According to an access-to-information request, the Immigration Department paid $93,886,222 for “long leases” with mostly Quebec hotels, providing asylum seekers refuge, including those entering the country illegally through Roxham Road. They booked 30 hotels between April and December last year, with 10 in Montreal alone.

Between April and December, the Immigration Department booked one Montreal hotel with 175 rooms for $7.5 million and another 160-room hotel in the city for $9.7 million.

In Dorval, near Montreal's international airport, the Trudeau Liberals booked a 112-room hotel for $5.2 million in the same period. They also leased a 117-room hotel for $1.3 million throughout the fall.

The Hampton Inn & Suites by Hilton, also near the airport, is among those reserved for asylum seekers.

By block booking hotel rooms, the Immigration Department ensures lodging to accommodate “the rising volume of asylum claimants crossing between the ports of entry, who have no housing options available to them,” said Nancy Caron, a spokesperson for Immigration, Refugees and Citizenship Canada.

She added that most come through the Roxham Road and Lacolle border crossings from the United States in Quebec.

The province receives most of the asylum seekers and is obligated to provide social services for arrivals while the federal government evaluates the legality of their claims.

The department clarified that while housing asylum seekers is provincial jurisdiction, it wanted to alleviate pressure off the provinces.

Quebec's Premier François Legault has asked the federal government to permanently close the entry point, a sentiment echoed by the Bloc Québécois and, more recently, by Conservative Leader Pierre Poilievre.

A Léger poll last May showed that 60% of Quebecers wanted Roxham Road closed.
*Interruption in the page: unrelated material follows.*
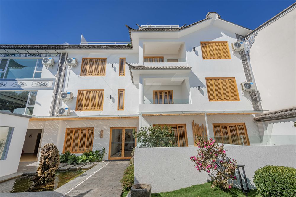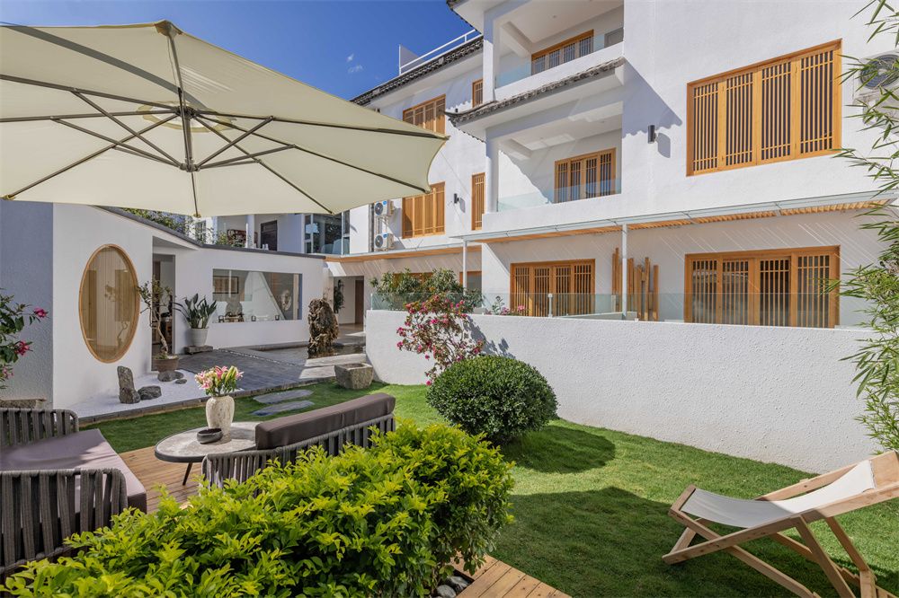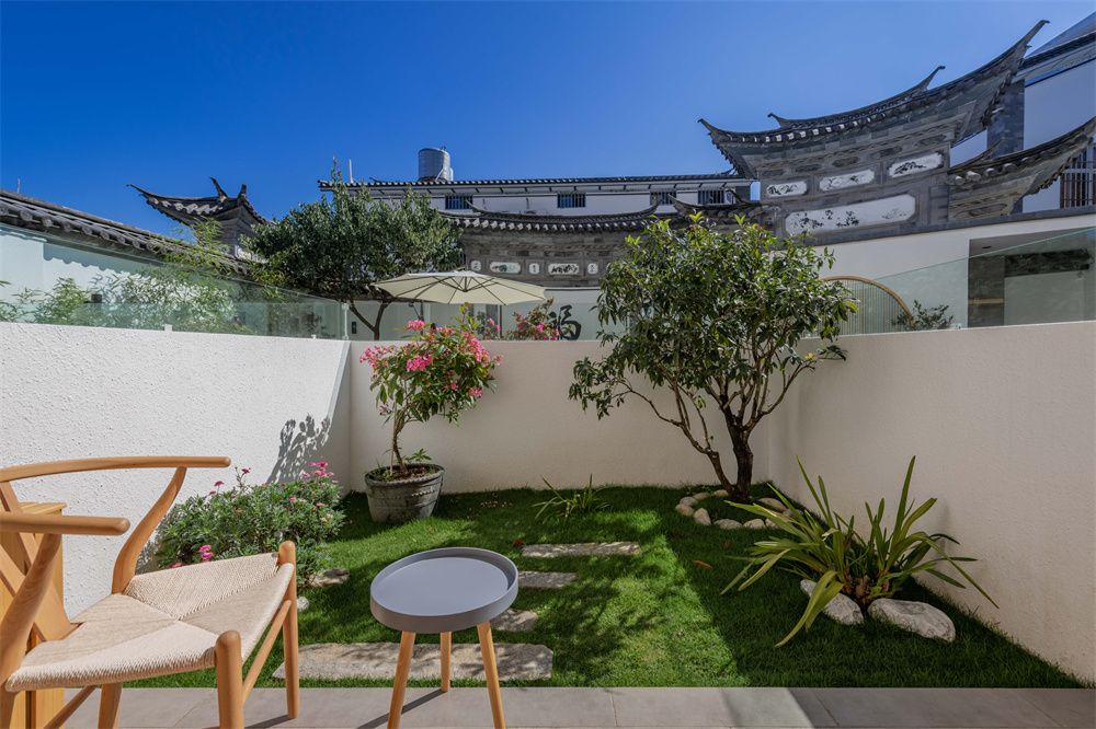 民宿整体将白族民居青瓦白墙现代美感结合,凸显简约素雅,给这方小院平添几分大气。院子里是最舒适的地方,晨光出现,从敞开的大门往里看去,小园香径,草色青青,绿植环绕,早起的客人坐在院子里喝着茶,吃着民宿提供的热腾腾的早餐,在这里,可以安静地给心灵放个假,惬意满分。

A separate poll by Justice pour le Québec (Justice for Quebec) found that 68% of Quebecers strongly or moderately agree with that position.

A briefing document for the Immigration Department's deputy minister on ‘irregular’ migration from last July last year said that the feds leased 1,721 rooms in 24 hotels in 12 locations across Canada.

With significant airport arrivals in Montreal, the feds transferred asylum claimants from Quebec to Ottawa and Niagara Falls hotels. In July, they block-booked 300 hotel rooms in Niagara Falls to cope with an “accommodation crisis in Quebec.”

The briefing document acknowledged “this option is not cost-effective” but “it was the only immediate solution in this circumstance.”

The information request shows that in Niagara Falls, the Trudeau Liberals booked a 150-room hotel between October and December and an 85-room hotel between April and December, costing about $1.6 million each.

Quebec Conservative MP Pierre Paul-Hus and his colleagues expressed their concerns about costs and the vacancy rate. He claimed Hotel St-Bernard in Lacolle, seven minutes from the Roxham Road border crossing, is often empty, though the hotel did not verify in a request for comment.

The access-to-information request shows the Immigration Department had a long-term lease on an unnamed 39-room hotel between April and December last year in Lacolle, just minutes from the Roxham Road border crossing, for $1.7-million.

“What we want is to stop the illegal border crossing. If they don't do anything to stop it, we will need more hotel rooms, and the problems will worsen,” said Paul-Hus.

From July to December last year, the Immigration Department spent just over $2 million on a 50-room Ottawa hotel. Between April to October, it spent just over $1 million on a 30-room hotel in the capital.

The feds also spent millions reserving entire hotels for asylum seekers moving to other parts of Canada, including Winnipeg, Lethbridge, and Surrey.